天気は吃驚するほど良く、少し寝過ごしてしまった所為で町には人が溢れていた。
「あー、ココみたいたけど・・・?」
人混みを抜けて到着した店の前に立つ二人は、あまりのボロさに潰れていないのか心配になったが、店の奥を覗き込むとモソモソと動く人影が有った。
「すみませーん、グル・ボン・ダイエさんの店ってここでよろしいですかー?」
何故かスーっポイ喋り方になってしまったが、言った太郎は気が付いていない。影が声に反応して更に動く、少し明るいところまでその姿を現すと、お腹の大きい・・・この耳って狸なのか?
「新顔だな、何の用だ?」
その男は俺を見たというよりスーの持っている武器に目を奪われていた。目を大きく開いてびっくりした声を上げる。

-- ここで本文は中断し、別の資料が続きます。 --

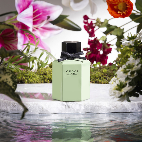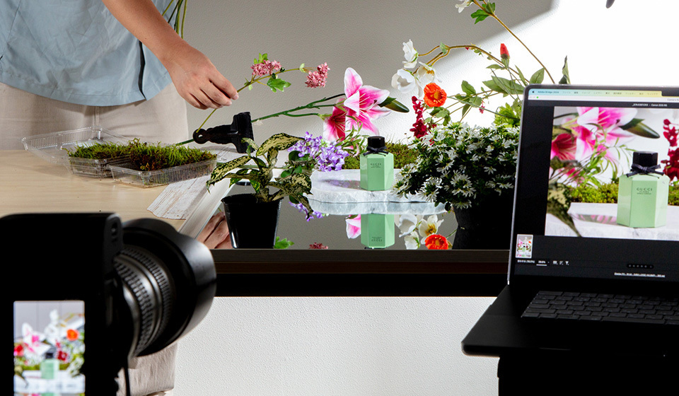 また、コスメ撮影では、香水ボトルを主役に、下には水面を、周囲には花を配置。

「おめー、これダマスカスじゃねーか。どこで手に入れた?」
「あの、すみませんが先にこっちを読んでもらえませんか。その方が話が早いので。」
スッと紙を差し出すと、イヤイヤ受け取って読む。読み終えると紙を握りつぶしてからポケットにしまった。
「そーか、ダンダイル様の知り合いか。」
「打ち治してもらうのに必要な物は持ってます。」
袋から取り出した壺と、武器を渡す。受け取った方が少し手が震えているようだ。
「こんな事なら酒なんて呑むんじゃなかった。ちょっと待ってろ準備してくる。・・・あぁ、そこらへんの椅子に適当に座ってな。」
男はそう言って店の奥に消えて正確に10分後、再び現れた。頭にバンダナを巻いて耳は隠れてしまっているが、もじゃもじゃの髭は少し綺麗になっている。服装もくたびれた服ではなく、分厚い皮のような前掛けを身に付けていた。見た目で年齢の分からない世界ではあるが、どう見てもおじさんを何十年も繰り返していそうな顔付だ。
「すまんな。」
「いえいえ。」
「それにしても、お前らみたいなモンがこんなものを持ってるなんて、貴族の坊ちゃまか?」
そう言いながら柄の部分をバラバラにして折れた根本の刃を取り出す。
「そういう訳じゃないですけど、ダンダイルさんとフーリンさんからここでしか治せないだろうって聞きましたので。」
「そういうことを言っている訳じゃ・・・フーリン・・・さんだと?」
何故かスーの顔を見て深呼吸した。
「めんどくせー事情がありそうだな。ダンダイル様にフーリン様をそんな呼び方できる奴なんて見た事ねぇゾ。じゃあ、あんたがスーか。」
「そうですよー。」
「そうか、じゃあこれは城の宝剣って訳だ。」
「スーにあげたんで、今は俺のじゃないですけど。」
「は?」
「ドラゴンを斬ろうとしてぽっきり折れたんですよー。」
「・・・おめーら馬鹿か?」
酷い言い方だが、これが普通の反応ともいえる。伝説に近い価値を持つダマスカスをあげたとか、ドラゴンと戦って折ったとか、普通は信じられないだろう。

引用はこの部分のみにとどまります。